Pedro Pierluisi, a Democrat who can propose legislation but can’t vote on it, today introduced the measure that would let agencies restructure debt in court. They don’t have that option, unlike cities including Detroit and Stockton, California, that have done so to escape financial burdens they could no longer afford.
The bill would “enable the Puerto Rico government to authorize its government-owned corporations to utilize the tried-and-true Chapter 9 procedure if it becomes necessary, under the expert supervision of an impartial federal bankruptcy judge,” Pierluisi said in a statement.

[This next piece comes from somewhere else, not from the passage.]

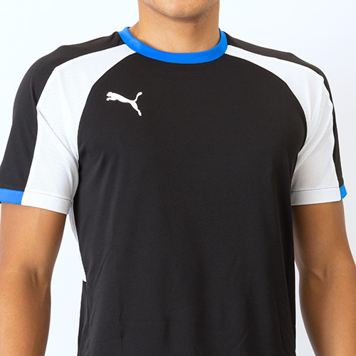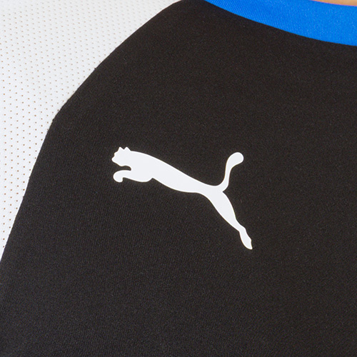 PUMAフォームストリップのグラフィック、サッカースパイクにインスパイアされた鮮やかなポップカラーが特徴です。レギュラーフィットにメッシュスリーブインサート、独自の吸水速乾機能dryCELLテクノロジーを組み合わせています。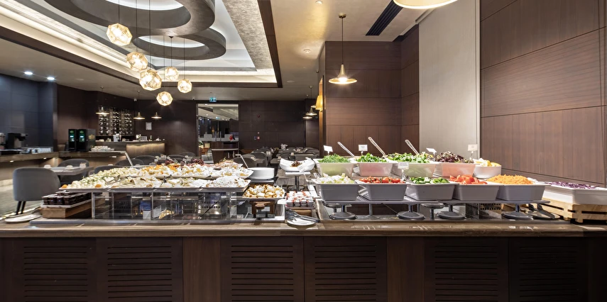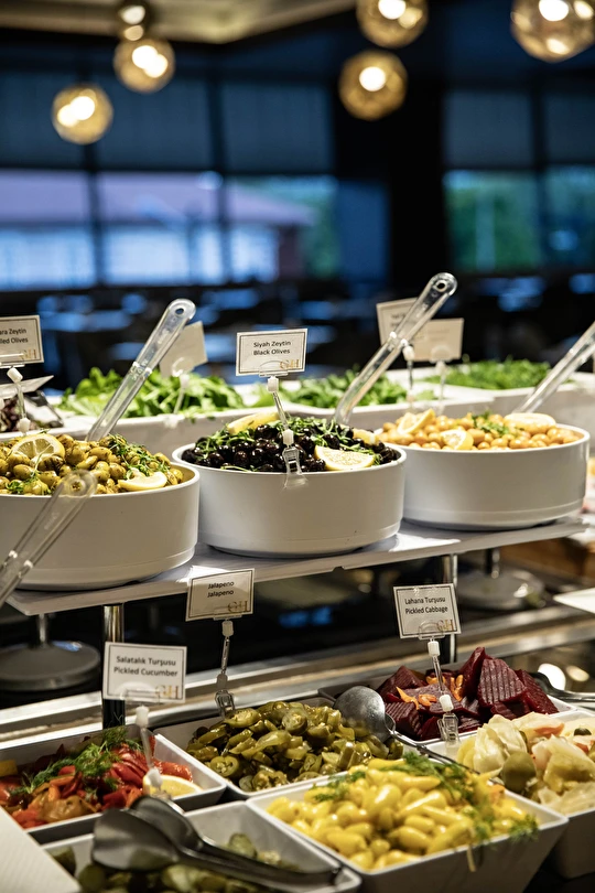 Grand Harilton Otel’de taze ve organik malzemelerle hazırlanan geniş kahvaltı büfeleri, gün boyu uzanan gurme lezzetler ve özenle seçilmiş akşam menüleri misafirleri lezzet yolculuğuna çıkarıyor.

Puerto Rico’s credit rating was cut to junk this year, prompting speculation among investors about bond defaults. The island of 3.6 million people and its agencies, including its electric company, have borrowed to pay bills as the economy shrank and residents left for the U.S. mainland. Its debt is tax free in all states and is held in 66 percent of U.S. municipal-bond mutual funds.
The legislation’s prospects are uncertain. Pierluisi said he has no guarantees from Republican leaders that they would consider the legislation, which he plans to push once lawmakers return in September.
The bill would give Puerto Rico the privileges extended to states under bankruptcy law. The territory, like states, wouldn’t be eligible to file itself, Pierluisi said.
“Everybody that we’ve talked to is receptive,” he said today.
Bond investors in the U.S. have long opposed municipal bankruptcies, which let cities force creditors to accept less than they are owed. Only about half the states let their municipalities file for bankruptcy.
Puerto Rico lawmakers have already taken their own steps to allow the restructuring of debts short of bankruptcy. A law passed last month would allow some public corporations to negotiate with bondholders, potentially forcing them to accept unfavorable terms. Two investment funds, Franklin Templeton Investments and Oppenheimer Funds Inc., have sought to have the law thrown out in court. No agency has sought to utilize the law.
The Puerto Rico Electric Power Authority, which supplies most of the island’s electricity, is a leading candidate. The authority has been negotiating with banks for time to make payments on credit lines used to buy fuel. Fitch Ratings on June 26 downgraded the authority to CC, its third-lowest speculative grade, citing a probable restructuring or default.